I have a task to write items which coming from Akka stream into database. Database (dynamodb from AWS) supports batching and I already implemented the thing using this - batch • Akka Documentation .
However from the documentation I see that it will only group elements from stream into batches in case if downstream backpressures. I’m not sure that the client I’m using to access database will be doing backpressure and I also do not want batching logic to depend on it. I considered using buffer (Buffers and working with rate • Akka Documentation) instead, but it seems like it would produce items to downstream only when buffer is full?
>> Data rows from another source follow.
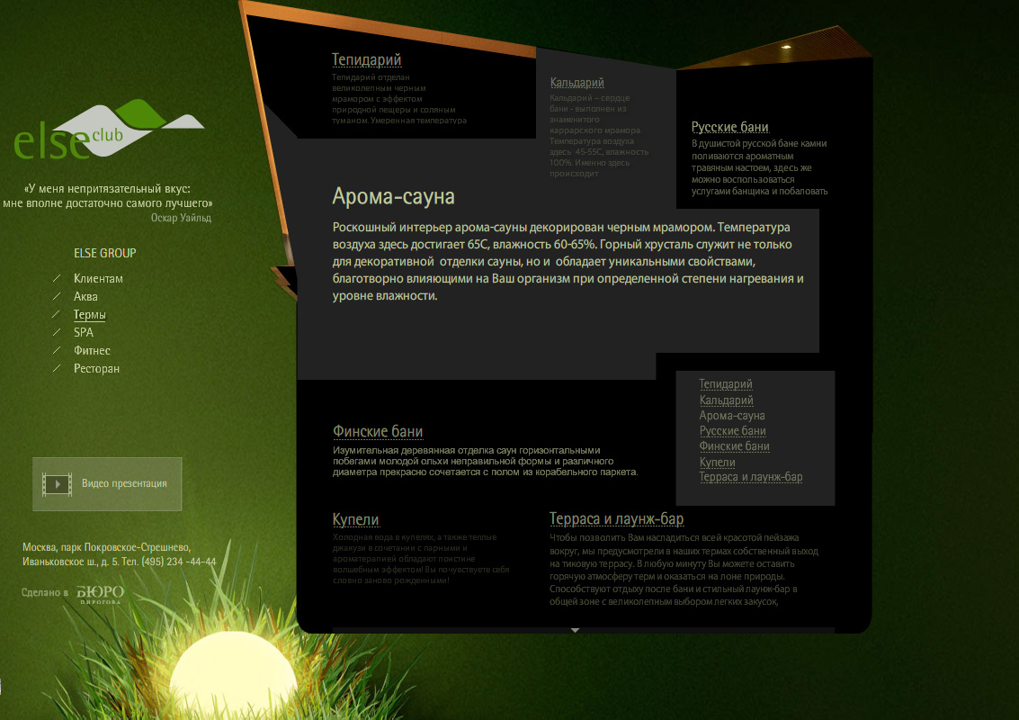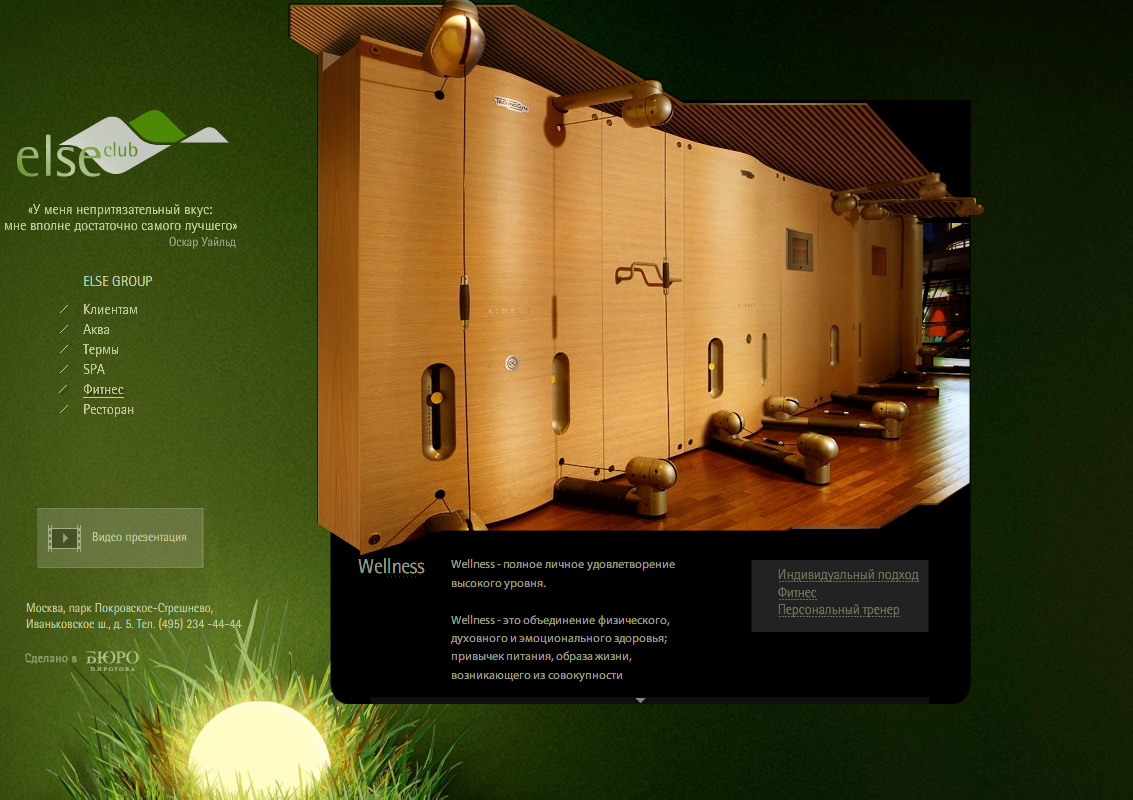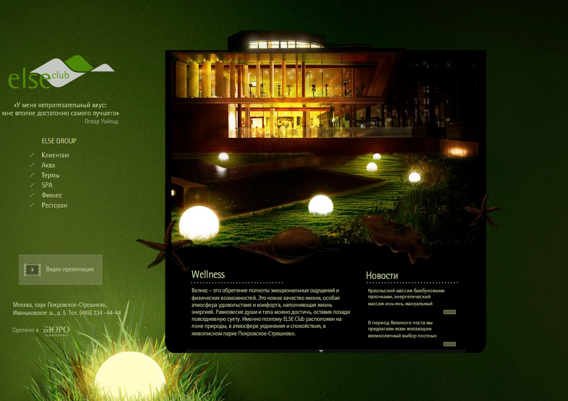 Для московского велнес-клуба премиум класса Бюро Пирогова выполнило редизайн сайтаПеред обновлением интернет-ресурса стояли задачи: новый сайт должен стать выразительнее, удобнее в пользовании, идентифицироваться с самим клубом и легко запоминаться.Для необходимого позиционирования клуба, в Бюро Пирогова было решено использовать фотографии интерьера и экстерьера, выигрышно украшенные возможностями флеш-анимации. Основное информационное поле сосредоточено в центральной части. Благодаря использованию нестандартной сетки, ориентироваться по сайту легко и просто. |
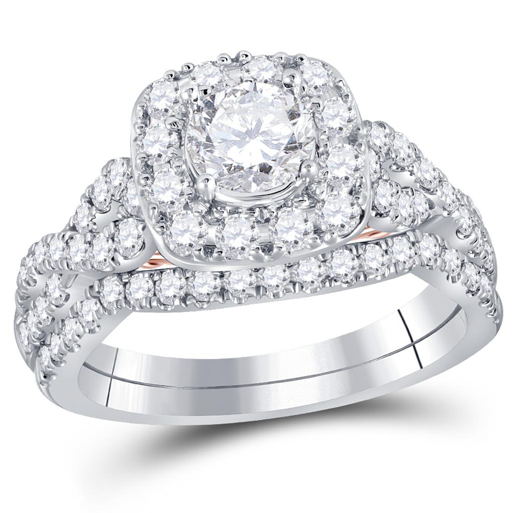 14k Two-tone Gold Round Diamond Bridal Wedding Ring Set 1-3/4 Cttw (Certified)
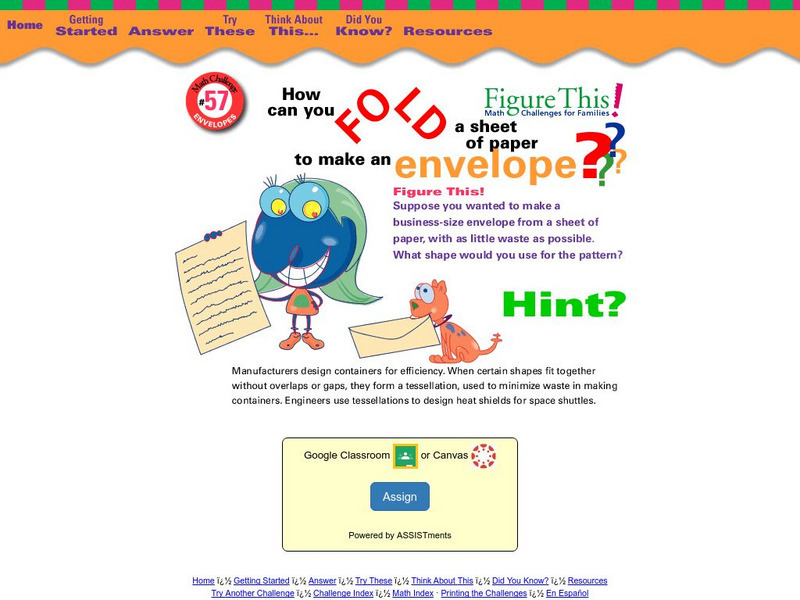 Explore tessellations with real world applications in this activity from the NCTM Math Challenges for Families series. Figure out what shape you would use to create a legal envelope from a single sheet of paper. Then discover how...
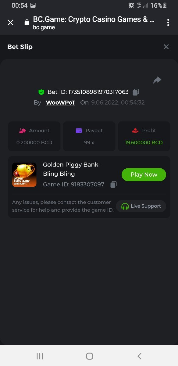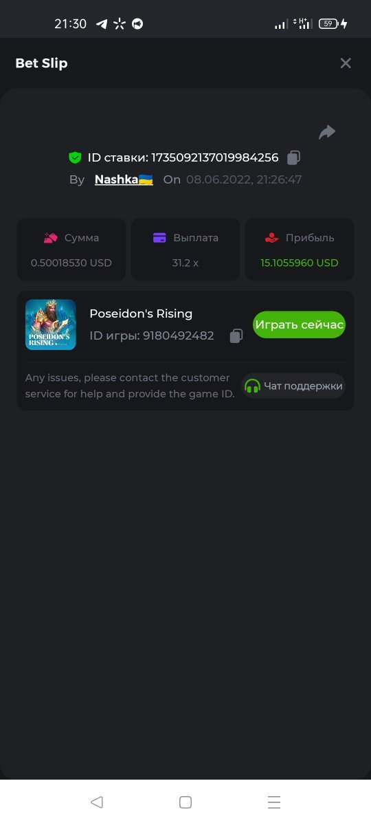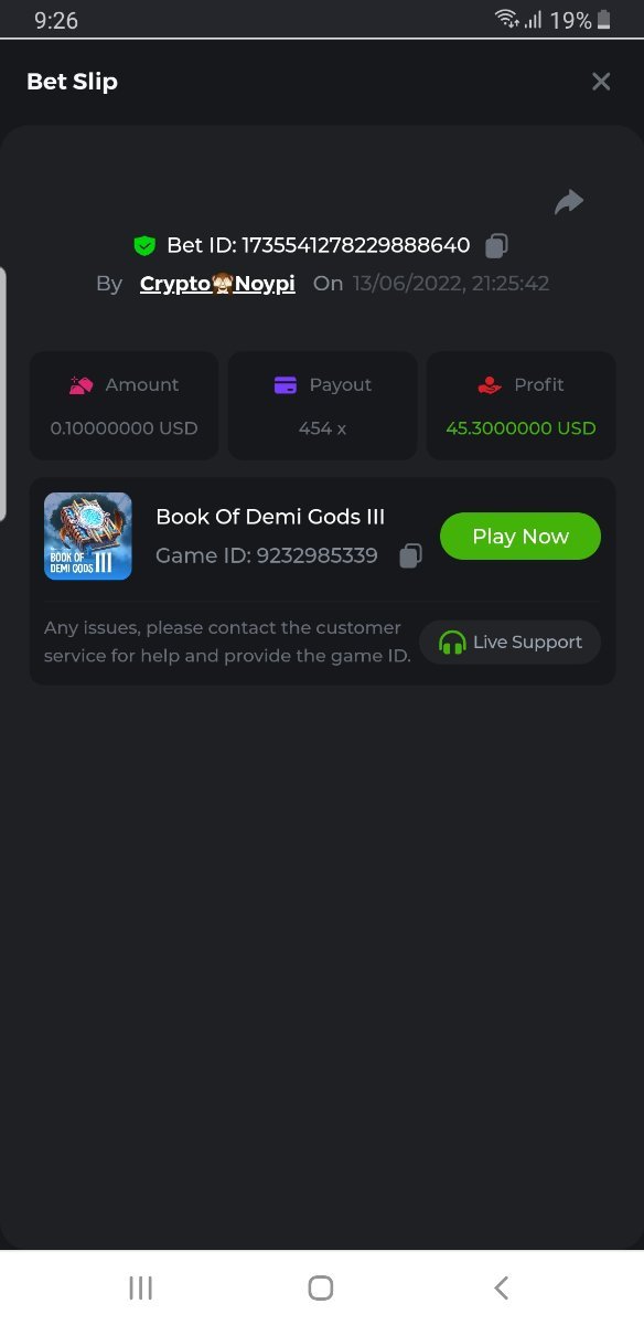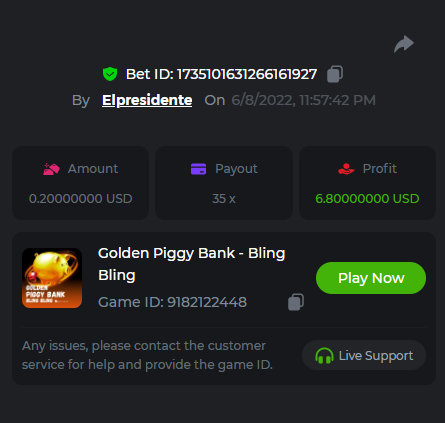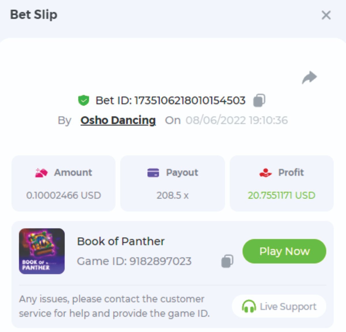 Event Team Niobium Posted June 8, 2022 Event Team Share Posted June 8, 2022 Hello Dear VIPs! Welcome back for this week's battle, we're hosting another Spinomenal event with a prize pool of up to $4,000! Participants need to hit the highest multipliers on six selected slots and payouts will be added together to rank. In addition, those who complete the bonus will receive 10% of the prize equally. Don't forget that luck is what happens when preparation meets opportunity. (details further down). Eligible Games Win the highest multiplier on the Spinomenal slots listed below Poseidon's Rising Book Of Demi Gods III Kupala Book Of Panther Golden Piggy Bank - Bling Bling Savannah's Queen The highest multiplier reached in each game will be added together and counted as total points. Bonus buys are allowed. If the player submits multiple winning entries for the same game, the entry with the highest multiplier will be valid. Minimum VIP Tier Must be VIP04 or higher in order to enter this event. Minimum Payout Minimum payout to qualify is 10x (in any game) for a valid entry. Minimum Bet Size Poseidon's Rising - $0.50 Book Of Demi Gods III - $0.10 Kupala - $0.10 Book Of Panther - $0.10 Golden Piggy Bank - Bling Bling - $0.20 Savannah's Queen - $0.25 Eligible Coins All cryptocurrencies are eligible (excepting JB, and BCL). Free Play Mode is not valid for this event. Prize Pool & Reward Breakdown The winners will win a share of the prize pool based on the detailed ranking below. Anyone who completes the side bounty will receive a share of a 10% of the prize pool. BOUNTY - Share a bet that shows exactly 51x payout on any of the six games within the timeframe of this Battle and receive a share of 10% of the prize pool! If nobody wins exactly payouts the player/s closest to the payout will win this bounty! Original rules apply with min bet, minimum payout & VIP. How to Enter Access the game to select your Bet ID, click on the Share icon (↷) and then Copy link. Return to the topic, paste the link in the field "Reply to this topic..." E.g.: https://bc.game/sd/?sd=10M8GKHQNHVUOJ Each eligible entry must have the Bet Slip URL, the non-inclusion of the link will disqualify participation in the event. In the same post, upload a screenshot of your win by clicking the game ID WITH VIEW IN USD mode ENABLED (accessible at the bottom of dropdown menu for your wallet up top, and Submit Reply. Done! This way, we can ensure that your bet indeed met the minimum requirement at the time of placing it: Example post - Link: https://bc.game/sd/?sd=10M8GKHQNHVUOJ Good luck everyone! Link to comment Share on other sites More sharing options...

This is also not really what is needed, because I don’t want buffer to wait for all 25(AWS limit on batch) items indefinitely.
What I need is something like Kafka client behavior - batching that has a limit (exactly like
batch streaming method), but also with “lingering” timeout, so that stream won’t produce 1-length batches each time it receives element and there’s no backpressure from DB, but rather wait some minimal time for more elements to join the batch.
Is this possible to do with either of those streaming methods? If not, is there an alternative?
Additionally I wanted to ask for clarification what exactly this line from “batch” docs mean -
Will eagerly pull elements, this behavior may result in a single pending (i.e. buffered) element which cannot be aggregated to the batched value.
Why single buffered element cannot be aggregated? It seems easy to me - just call the
seed method and here you go - batch with single element. What exactly “pending” means? That element will be wrapped with
seed and sent downstream? Or that it would wait in a buffer indefinitely until second element arrives? I think this document needs some more detailed explanation…